During the 10 h prior to the first session of the REV phase (i.e., ZT0-10), rats in the SD group were sleep deprived while the control group was left undisturbed. SD was achieved using an automated rotating bar (Pinnacle) on the cage floor, with the settings reported in Ward et al. (2017). Briefly, the bar rotated for 4 s randomly every 4–16 s, and changed rotation direction every 10–40 s. For the first 6 h the automated SD device was used alone but for the remaining 4 h of the 10 h SD period, a trained researcher was present to ensure complete SD occurred. If the researcher observed the rat attempting sleep (despite the rotating bar) they gently stroked the rats’ whiskers with an artisan’s paint brush. This hybrid approach was taken because pilot data using the rotating bar system showed that one of four rats acclimated and was able to sleep in these chambers after 6 h, consistent with other reports (Wooden et al., 2014).

Reversal phase

In the REV phase, the image that when selected previously resulted in an error (e.g., the marble image in Figures 1, 2), now resulted in a correct response and was rewarded with a sucrose pellet, while the previously rewarded image became the incorrect response. Otherwise, the procedure was kept identical to the PD Phase. Rats continued REV sessions until they met performance criterion of 80% correct trials during a single session, or until 10 sessions were completed.
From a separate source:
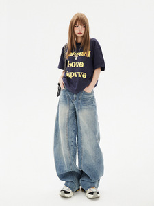 アメリカンレトロワイドレッグジーンズ女性秋ハイウエストストレート梨型ボディルーズシルエット鎌パンツスモールパンツ

Figure 2. Pairwise discrimination trial progression and dependent variable extractions. This flow chart depicts the execution of the task. The blue and purple font depict the primary dependent variables described in Table 1 and how they were extracted for analyses. ITI, intertrial interval.

Behavioral outcome variables

Rat performance on the PD and REV phases was tracked using multiple outcome variables, including the number of sessions to criteria, number of correct responses, percent correct responses, and total errors. The rats’ capacity to complete trials in a timely manner was measured with trials per session and response latency. Additionally, the inclusion of correction trial loops in the protocol (see section “Pairwise discrimination training phase”) allowed us to measure response perseveration, viz. repetition of an erroneous response. Entries into the loop (perseveration bouts) and iterations of the loop (perseverative errors) were counted. Operational definitions are provided in Table 1.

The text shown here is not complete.